Penelitian Dan Praktek Manajemen Sumber Daya Manusia
Transformasi merupakan suatu proses buat mengubah input sebagai suatu hasil yang memiliki nilai bagi suatu organisasi. Budaya organisasi dalam mensugesti kemampuan menyesuaikan diri terhadap suatu perubahan yg dianggap menggunakan adaptasi, namun tak jarang sekali budaya usang nir memberikan nilai-nilai yg sesuai menggunakan lingkungan baru. Dalam konteks ini, organisasi wajib tahu dan menyesuaikan diri dengan nilai-nilai baru, proses manajemen, serta cara berkomunikasi yang dibentuk menunjang perubahan dan dapat dilaksanakan secara efektif (Bruss & Ross, 1993). Dalam organisasi yg mengalami suatu perubahan baru, anggota dalam organisasi dalam umumnya menyebarkan tujuan sehingga dapat berafiliasi dengan baik tanpa wajib bersaing satu sama lain (Choi & Lee, 2002; Andrew & Stalick, 1994).

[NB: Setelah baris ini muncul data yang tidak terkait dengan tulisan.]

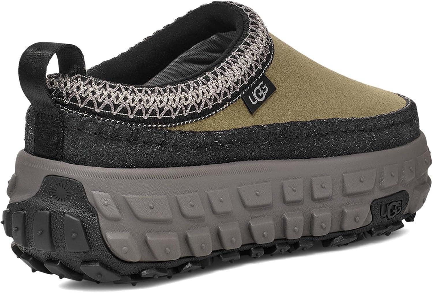 Unapologetically expressive. Built to be bold in looks and comfort, the Venture Daze is a remix of our classic Tasman slipper. We've equipped the Venture Daze with a ready and grippy outsole with large tire treads for terrain-conquering traction. From festival weekends to campfire nights, the Venture Daze is an adventure essential. Designed with a suede upper, our classic UGGbraid™, and iconic box stitch, all on a lightweight sugarcane EVA footbed and midsole.

Berbagi pengetahuan pada organisasi akan menaruh kontribusi terhadap kinerja organisasi terutama dalam peningkatan kualitas layanan Matzler et. Al., (2008). Budaya organisasi pada menyebarkan pengetahuan akan memberikan dukungan terhadap karyawan dalam menaikkan kemampuannya melalui training dalam grup diskusi untuk berbagi pengetahuan. Pada penelitian ini memakai teori Detert et., al (2000) pada melakukan penilaian impak budaya organisasi terhadap karyawan (termasuk key user) pada mendukung keberhasilan implementasi suatu program inovasi.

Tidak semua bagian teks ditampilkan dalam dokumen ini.